Teamsters wins close election at XPO facility in New York

History shows winning an election and getting a contract at XPO is tough road but not impossible

Photo: Jim Allen/FreightWaves

The Teamsters has won a representation vote for a group of LTL drivers in Albany, New York, the first step in what traditionally has been a long road to actually getting a union into an XPO facility.

The vote earlier this month was close, according to officials. Specific vote totals were not available. . It still needs to be certified by the National Labor Relations Board. There are 36 drivers in the bargaining unit. 

But just voting to be represented by the Teamsters does not mean a contract is signed with the company. When FreightWaves asked XPO (NYSE: XPO) how many successful Teamsters organization votes had taken place and where negotiations toward a contract were still pending, the number that was provided was easy to remember: one.

It is for an XPO LTL facility in King of Prussia, Pennsylvania. Workers there voted to be represented by the Teamsters more than five years ago, in October 2016.

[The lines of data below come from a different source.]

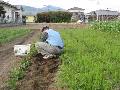 ジャガの草取りを続けています。 スギナが生長を妨げています。 |
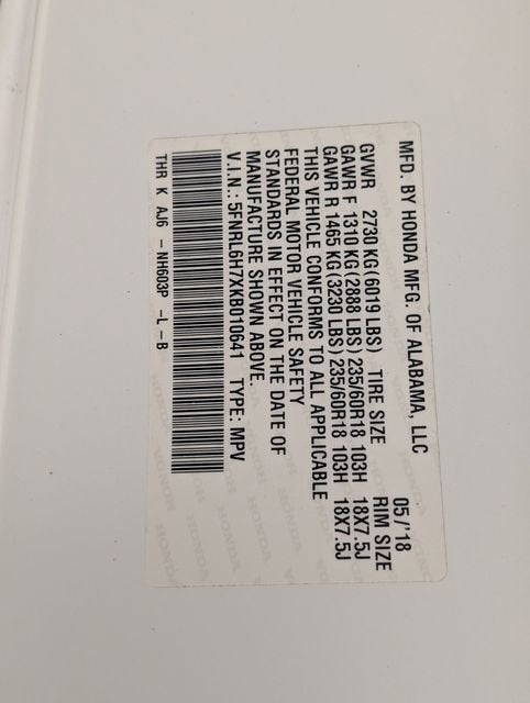 3rd row seats: split-bench, 4-Wheel Disc Brakes, 4.33 Axle Ratio, 7 Speakers, A/V remote: CabinControl, ABS brakes, Air Conditioning, Alloy wheels, AM/FM radio: SiriusXM, Anti-whiplash front head restraints, Apple CarPlay/Android Auto, Auto High-beam Headlights, Auto-dimming Rear-View mirror, Automatic temperature control, Blind Spot Information (BSI) System warning, Brake assist, Bumpers: body-color, Delay-off headlights, Driver door bin, Driver vanity mirror, Driver's Seat Mounted Armrest, Dual front impact airbags, Dual front side impact airbags, Electronic Stability Control, Emergency communication system: HondaLink, Exterior Parking Camera Rear, Forward collision: Collision Mitigation Braking System (CMBS) + FCW mitigation, Four wheel independent suspension, Front anti-roll bar, Front Bucket Seats, Front dual zone A/C, Front fog lights, Front reading lights, Fully automatic headlights, Garage door transmitter: HomeLink, Heated door mirrors, Heated Front Bucket Seats, Heated front seats, Illuminated entry, Knee airbag, Lane departure: Lane Keeping Assist System (LKAS) active, Leather Seat Trim, Leather steering wheel, Low tire pressure warning, Memory seat, Occupant sensing airbag, Outside temperature display, Overhead airbag, Overhead console, Panic alarm, Passenger door bin, Passenger seat mounted armrest, Passenger vanity mirror, Power door mirrors, Power driver seat, Power Liftgate, Power moonroof, Power passenger seat, Power steering, Power windows, Radio data system, Radio: 160-Watt AM/FM/HD/SiriusXM Audio System, Rear air conditioning, Rear anti-roll bar, Rear reading lights, Rear seat center armrest, Rear window defroster, Rear window wiper, Reclining 3rd row seat, Remote keyless entry, Security system, Speed control, Speed-sensing steering, Speed-Sensitive Wipers, Split folding rear seat, Spoiler, Steering wheel mounted audio controls, Tachometer, Telescoping steering wheel, Tilt steering wheel, Traction control, Trip computer, Turn signal indicator mirrors, Variably intermittent wipers, Wheels: 18 Dark Silver-Painted Alloy. 2019 Honda Odyssey EX-L FWD 9-Speed Automatic 3.5L V6 SOHC i-VTEC 24V 19/28 City/Highway MPG
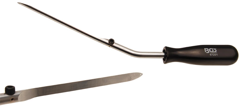 - der lange, abgewinkelte Schaft verringert das Risiko die Verkleidung zu beschädigen
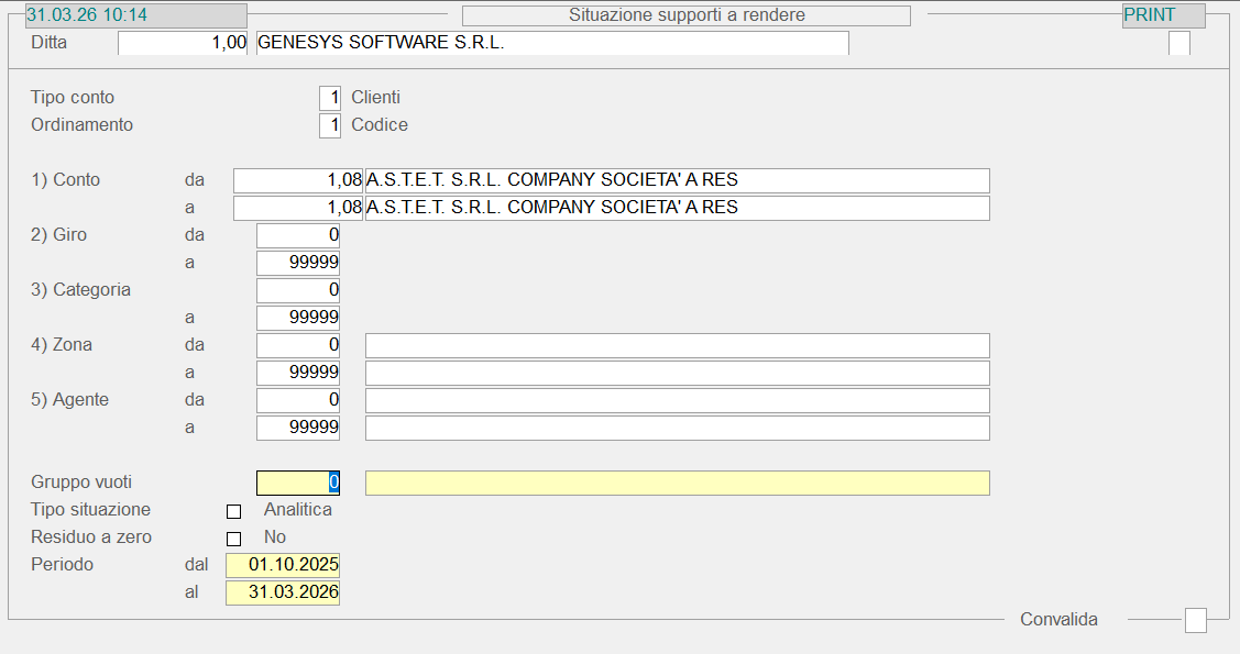 Questa funzione riepiloga la Situazione Supporti dei Clienti o Fornitori, con possibilità di generare una Stampa Analitica o Sintetica, in formato TXT o Laser.
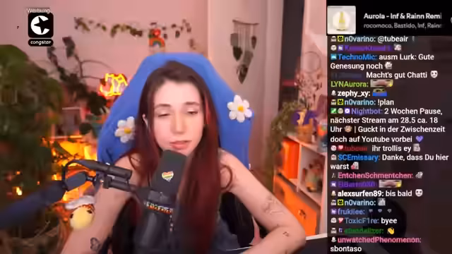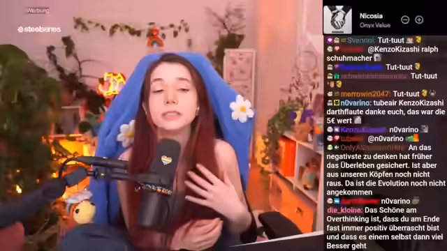 00:12:26Zu Beginn des Streams zeigt sich die Streamerin sehr nervös und aufgeregt, da sie nach langer Zeit wieder an diesem Setup streamt. Sie bittet das Publikum um Verständnis, da es ihr schwerfällt, über ein sehr persönliches und intimes Thema zu sprechen. Sie gibt offen an, dass dies für sie ein schwerer Moment ist und sie Angst vor negativen Reaktionen hat, was ihre Unsicherheit für alle Beteiligten deutlich werden lässt.
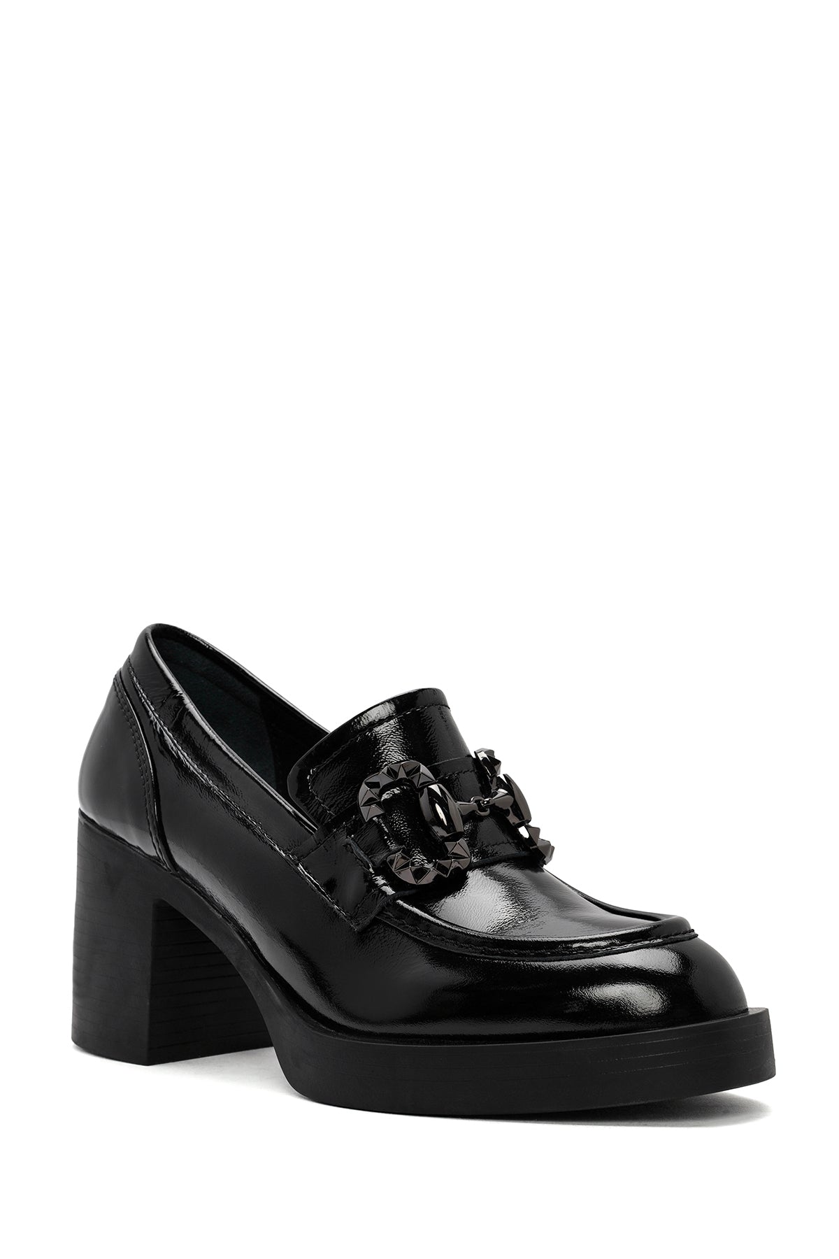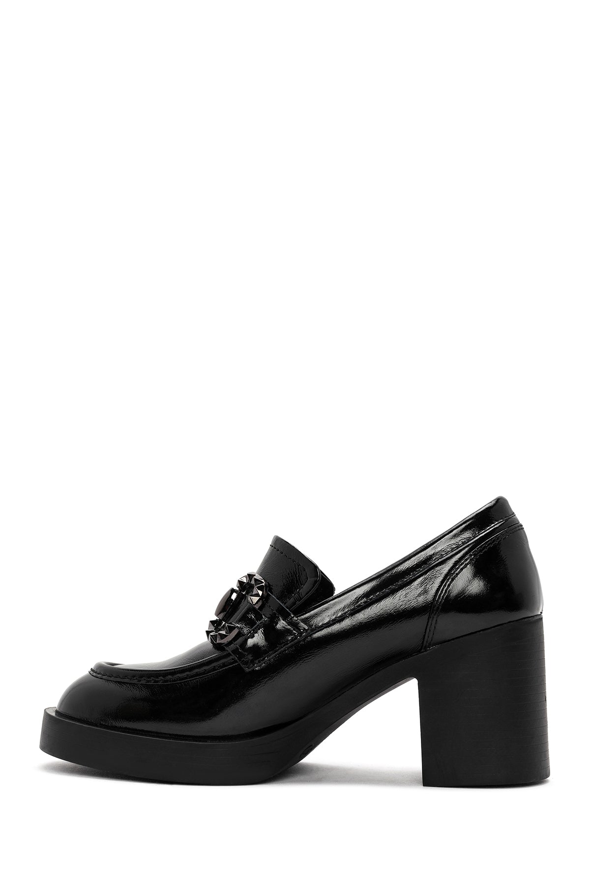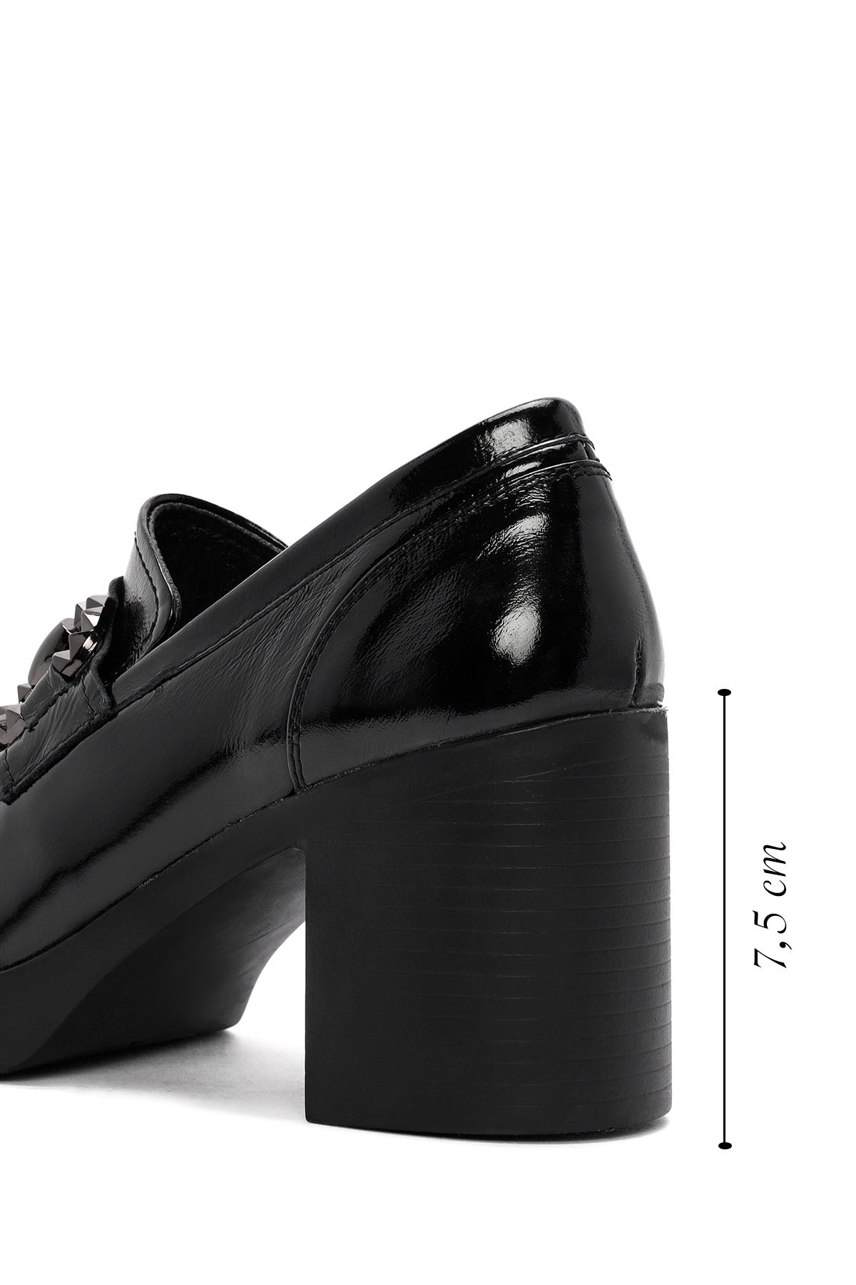 From Derimod's autumn collection, the black masculine loafer model made with wrinkled patent leather offers a modern look with its thick 7.5 cm high heel. Combining a classic masculine design with a high heel, the model provides quality use with its leather inner lining. The loafer, which stands out with its minimalist lines and shiny patent texture, offers a wide range of use from office outfits to elegant invitations, from daily wear to special moments. It can be preferred in autumn and winter seasons. Product code: 25AFD510116
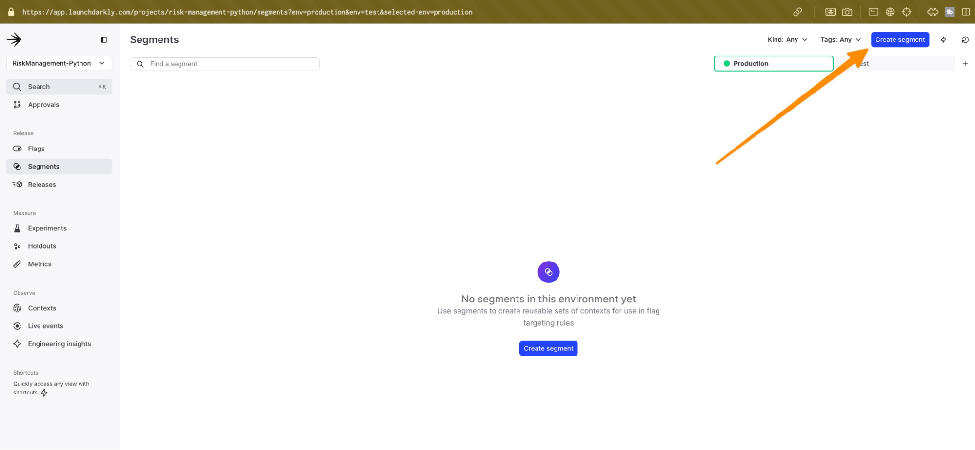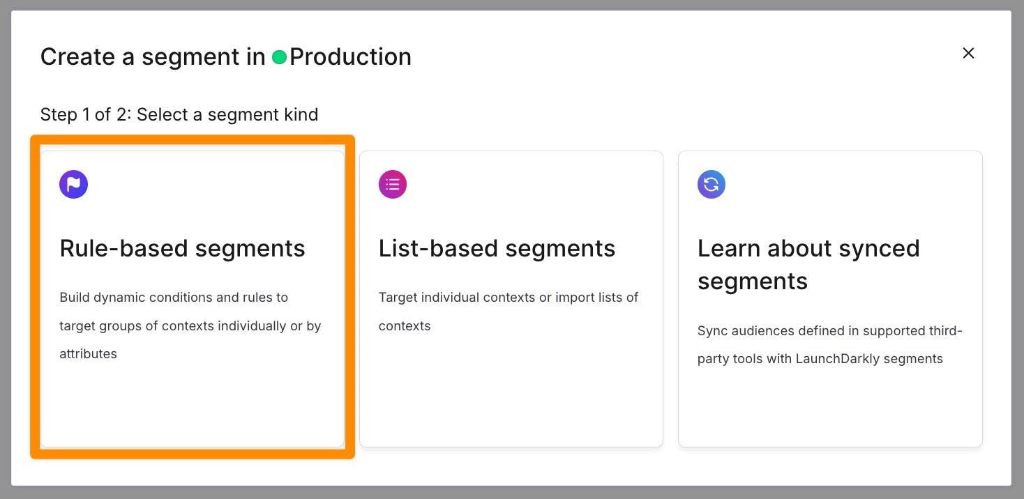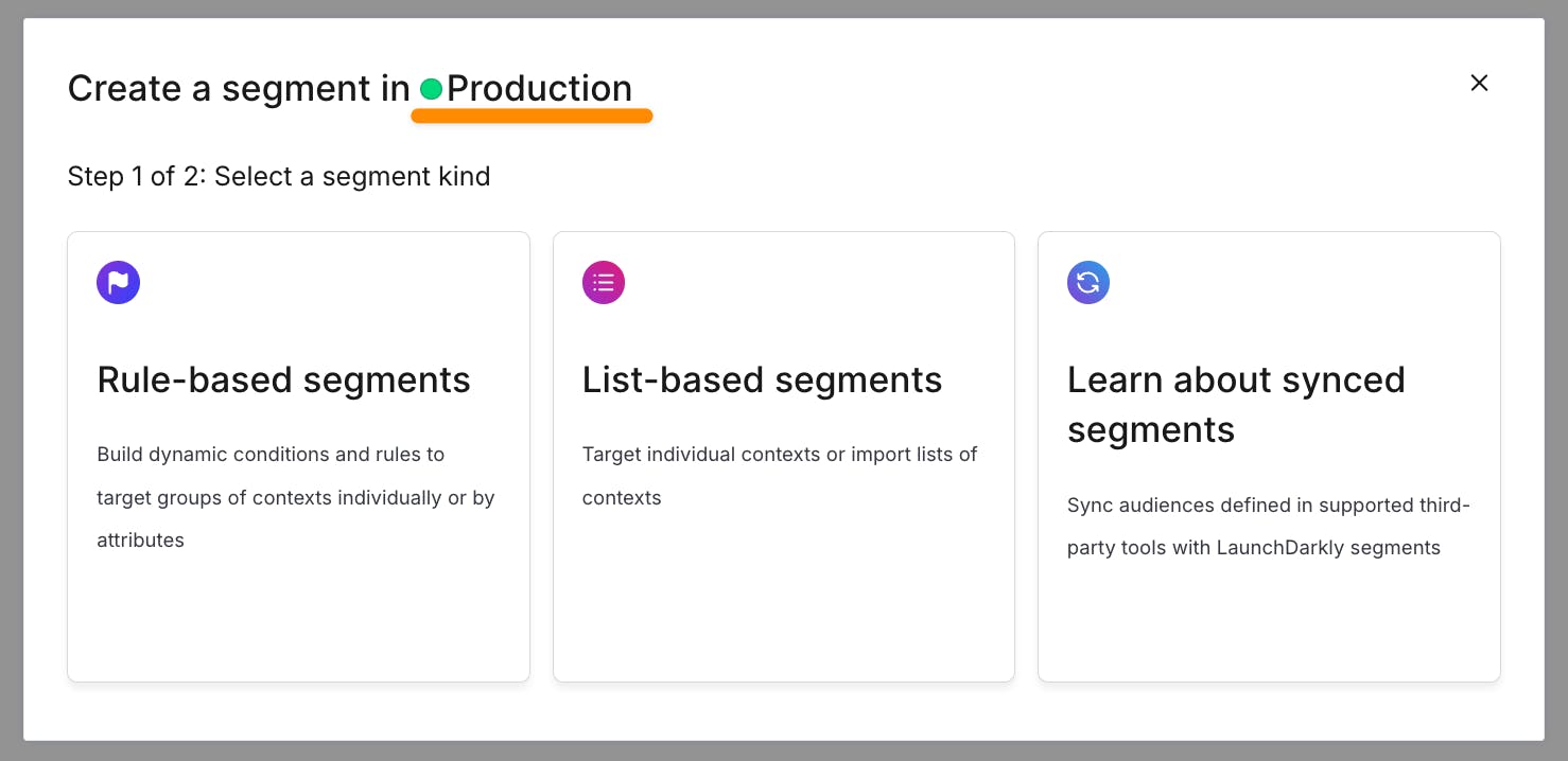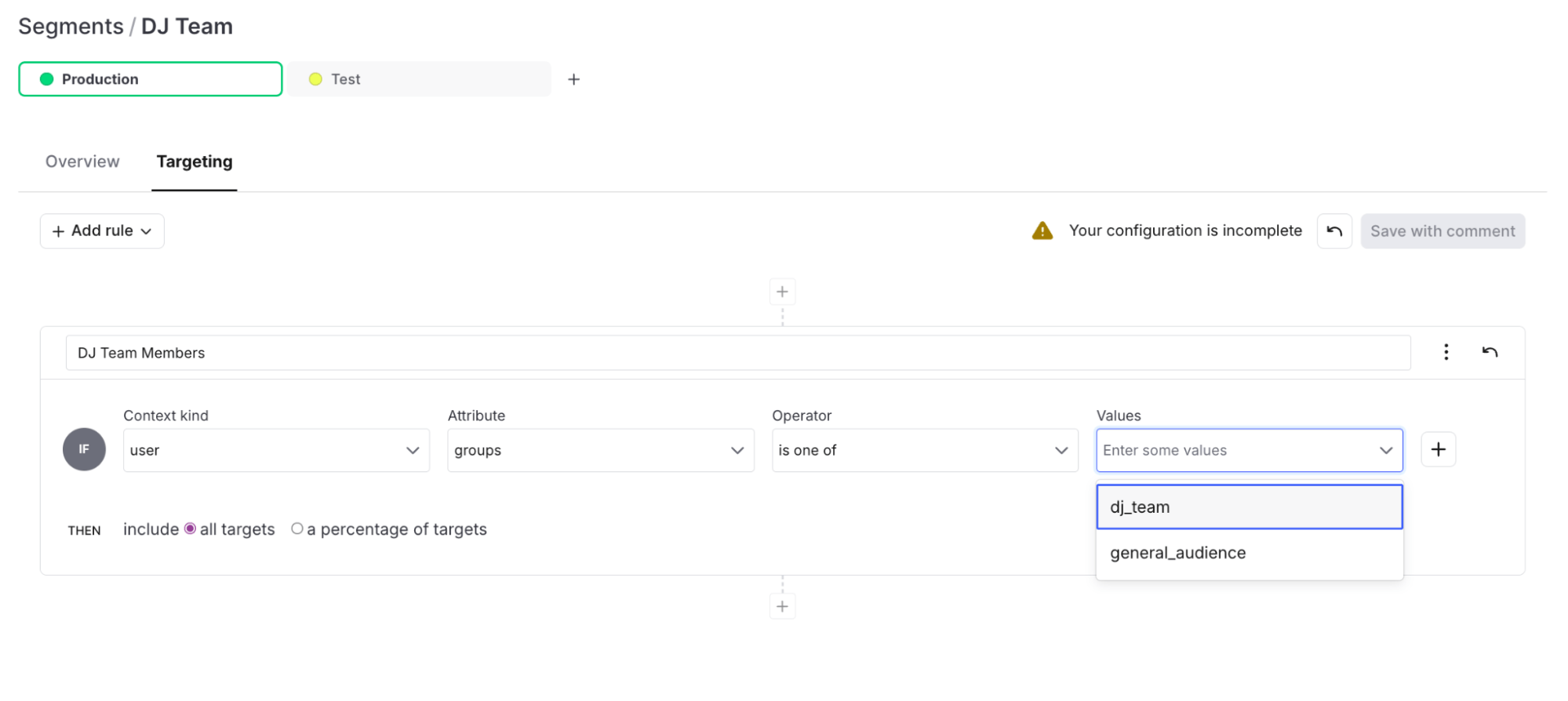 Segments can be shared across LaunchDarkly environments, making it more accessible to keep things in sync between dev/test and production. Let’s create a segment, add targeting rules to it, and then use it in a flag.
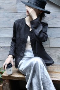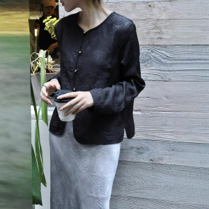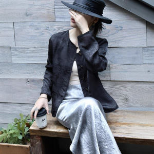 东方黑韵人丝冠乐绉香云纱外套上衣2025南油简约大方干练百搭实穿
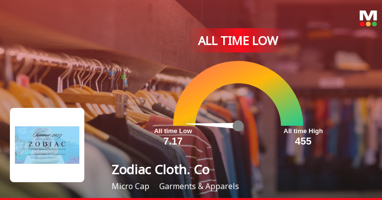 2026-04-05 10:10:11Zodiac Clothing Company Ltd is rated Strong Sell by MarketsMOJO, with this rating last updated on 07 Feb 2025. However, the analysis and financial metrics discussed here reflect the stock’s current position as of 05 April 2026, providing investors with an up-to-date view of the company’s fundamentals, valuation, financial trends, and technical outlook.
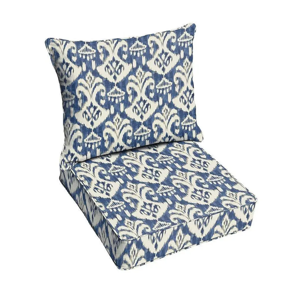 Add a splash of color and style to your home furnishings with these chair cushions. These cushions feature a classic tufted cushion design and are available in a wide variety of striking patterns of UV and weather-resistant spun polyester outdoor fabric.
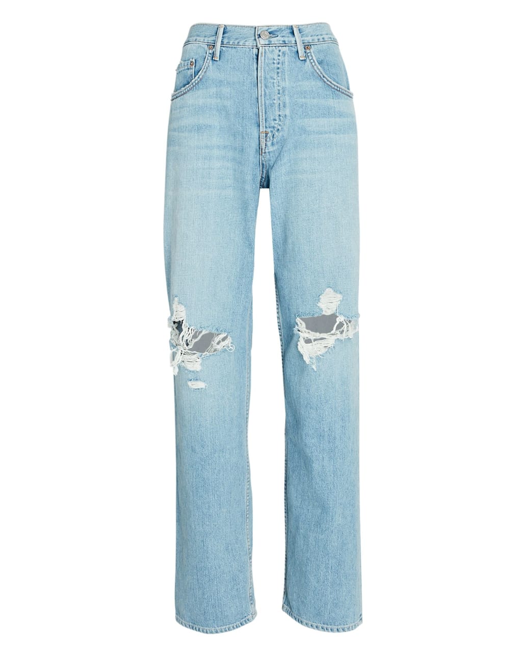 Wear ripped with a black swoop necklace top along with blue boyfriend denim. You will look chic and modern by wearing this outfit. All you have to do is to find the perfectly tight ripped jeans to accentuate your body but wear a large-sized denim jacket. You can wear dark-colored or white sneakers to complete the look.

Since that time, the Teamsters has scored significant victories in its long-running standoff with XPO, securing its first two contracts with the LTL carrier within weeks of each other earlier this year. One was in Miami; the other was in Trenton, New Jersey.

At the same time, the Teamsters recently has been on the losing end of decertification votes or union decisions to withdraw from earlier successful representation votes at several locations. The union lost decertification votes in Laredo, Texas, Cinnaminson, New Jersey, and Aurora, Illinois. The “self-withdrawals” came at two facilities in California.

The reasons for those decertification votes and withdrawals vary depending on who is speaking. Union representatives will say that XPO implemented a stalling tactic — avoiding signing a contract at all costs — that led workers to throw in the towel and vote to decertify. They would argue that the five-year duration since the vote in King of Prussia is evidence of that. 

The view from XPO is that the union failed in delivering on its promises and the decertification votes followed. In the case of the withdrawal of representation at an XPO Los Angeles facility, a contract had been negotiated and was to be put before the rank and file. But the contract had a strong chance of losing, according to sources, and the union pulled the representation before suffering a defeat.  


John Bulgaro, president of Teamsters Local 294, which led the representation vote in Albany, said this election was the third attempt to vote in the Teamsters at the XPO facility there. He conceded that the election was close.

“They want to be represented by a union, and they are a little incensed the company took such a strong anti-union approach to what is their lawful right,” Bulgaro told FreightWaves.

Bulgaro said there are about 5,000 workers in Local 294. Individual units in Local 294 are as high as 1,500 workers and as small as two or three.

Asked about the results in Albany, a spokeswoman for XPO issued this statement: “If the election stands, it will impact 35 drivers at our service center in Albany, New York. It won’t change the direct working relationship that XPO enjoys with more than 17,000 hourly employees across North America.”

In its prepared statement announcing the election victory, Local 294 said that in the contract it hopes to negotiate, it is looking for “protections from inward-facing tractor cameras and future constant surveillance; an end to unfair discipline; fair treatment for all; real seniority protections; adequate staffing levels; and a voice on the job.”

In other recent Teamsters developments:

— The union won a unionization vote for truck drivers with the Hospital Central Services Association. That vote covered 18 drivers in the Seattle area who deliver medical linens. 

— The Teamsters are involved in the third recent strike in four months against Keolis Transport, the private company that provides transit service in the Reno, Nevada, area under a government contract. Ninety percent of the union members recently rejected an offer by Keolis of a 12% increase over three years.